(Records shown)

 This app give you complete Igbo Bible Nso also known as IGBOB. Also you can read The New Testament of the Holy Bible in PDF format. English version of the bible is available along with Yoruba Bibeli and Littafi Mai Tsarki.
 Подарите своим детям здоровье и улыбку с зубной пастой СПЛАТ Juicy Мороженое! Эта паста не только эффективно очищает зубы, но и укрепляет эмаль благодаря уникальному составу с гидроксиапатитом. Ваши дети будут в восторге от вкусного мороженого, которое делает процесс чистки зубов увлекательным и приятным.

(End Records shown)
(Records shown)

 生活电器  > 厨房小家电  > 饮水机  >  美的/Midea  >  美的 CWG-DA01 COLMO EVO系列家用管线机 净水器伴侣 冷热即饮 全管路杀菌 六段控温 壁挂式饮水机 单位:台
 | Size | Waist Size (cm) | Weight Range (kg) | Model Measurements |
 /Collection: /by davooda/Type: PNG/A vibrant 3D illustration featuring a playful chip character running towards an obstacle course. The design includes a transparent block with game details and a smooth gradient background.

(End Records shown)
(Records shown)

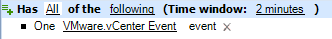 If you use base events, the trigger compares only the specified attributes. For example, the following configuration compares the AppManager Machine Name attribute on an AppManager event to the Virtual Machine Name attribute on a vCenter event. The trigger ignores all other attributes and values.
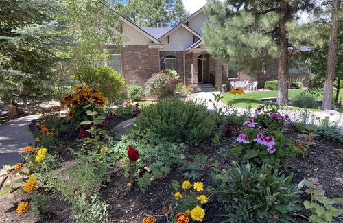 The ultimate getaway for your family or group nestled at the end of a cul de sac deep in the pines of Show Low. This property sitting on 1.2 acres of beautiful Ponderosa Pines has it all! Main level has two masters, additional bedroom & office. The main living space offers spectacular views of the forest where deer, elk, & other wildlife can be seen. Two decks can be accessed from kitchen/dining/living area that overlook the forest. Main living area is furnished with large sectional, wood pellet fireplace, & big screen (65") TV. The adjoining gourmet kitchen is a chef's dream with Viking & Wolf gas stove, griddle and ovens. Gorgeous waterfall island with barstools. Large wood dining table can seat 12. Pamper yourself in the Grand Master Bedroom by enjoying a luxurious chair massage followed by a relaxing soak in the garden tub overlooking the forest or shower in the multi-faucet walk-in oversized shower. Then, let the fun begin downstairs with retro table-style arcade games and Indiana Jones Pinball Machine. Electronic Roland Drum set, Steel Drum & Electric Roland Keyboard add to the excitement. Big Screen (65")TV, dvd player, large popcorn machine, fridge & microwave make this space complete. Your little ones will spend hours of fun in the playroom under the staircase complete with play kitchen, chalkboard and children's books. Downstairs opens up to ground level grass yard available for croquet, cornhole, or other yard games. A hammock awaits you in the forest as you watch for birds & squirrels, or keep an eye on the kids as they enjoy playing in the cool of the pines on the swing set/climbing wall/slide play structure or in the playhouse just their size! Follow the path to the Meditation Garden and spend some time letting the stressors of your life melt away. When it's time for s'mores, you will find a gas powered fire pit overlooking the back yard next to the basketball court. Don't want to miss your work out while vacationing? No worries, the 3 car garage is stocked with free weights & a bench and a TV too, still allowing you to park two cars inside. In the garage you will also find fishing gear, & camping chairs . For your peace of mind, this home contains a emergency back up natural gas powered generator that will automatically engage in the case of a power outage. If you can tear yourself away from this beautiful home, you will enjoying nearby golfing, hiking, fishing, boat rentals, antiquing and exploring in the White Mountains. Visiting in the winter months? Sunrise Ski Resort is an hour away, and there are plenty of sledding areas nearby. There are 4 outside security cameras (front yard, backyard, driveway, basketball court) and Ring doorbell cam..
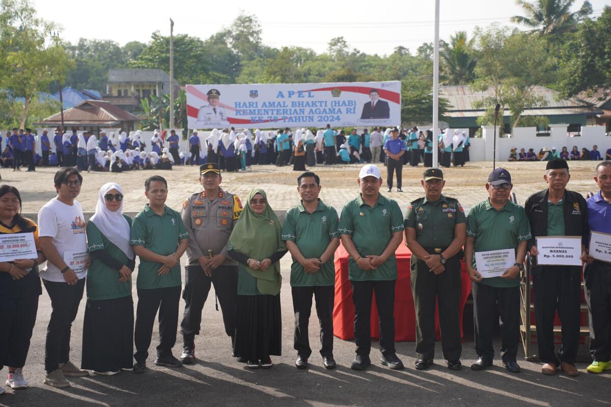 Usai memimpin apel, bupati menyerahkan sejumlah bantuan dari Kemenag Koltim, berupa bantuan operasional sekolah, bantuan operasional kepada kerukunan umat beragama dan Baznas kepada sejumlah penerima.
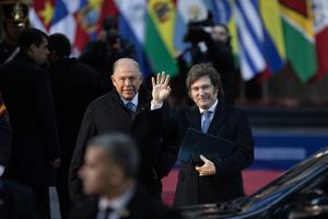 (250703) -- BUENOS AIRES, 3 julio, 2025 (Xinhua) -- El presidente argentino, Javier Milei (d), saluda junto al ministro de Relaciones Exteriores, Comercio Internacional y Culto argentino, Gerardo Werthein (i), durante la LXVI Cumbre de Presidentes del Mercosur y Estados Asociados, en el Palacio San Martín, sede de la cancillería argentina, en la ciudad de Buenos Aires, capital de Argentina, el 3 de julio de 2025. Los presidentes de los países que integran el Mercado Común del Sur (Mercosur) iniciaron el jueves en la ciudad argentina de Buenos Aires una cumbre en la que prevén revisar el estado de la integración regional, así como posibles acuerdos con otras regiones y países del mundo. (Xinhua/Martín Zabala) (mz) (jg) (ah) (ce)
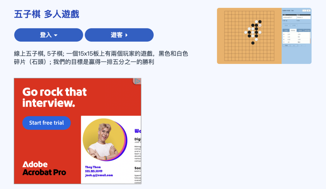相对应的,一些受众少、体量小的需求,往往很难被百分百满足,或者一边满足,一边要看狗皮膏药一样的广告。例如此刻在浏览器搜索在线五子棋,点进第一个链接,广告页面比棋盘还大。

(End Records shown)

Find "Model Measurements |" in the entries above and copy that whole line exactly, then each line after it through the line that contains "smooth gradient background.".

 | Size | Waist Size (cm) | Weight Range (kg) | Model Measurements |
 /Collection: /by davooda/Type: PNG/A vibrant 3D illustration featuring a playful chip character running towards an obstacle course. The design includes a transparent block with game details and a smooth gradient background.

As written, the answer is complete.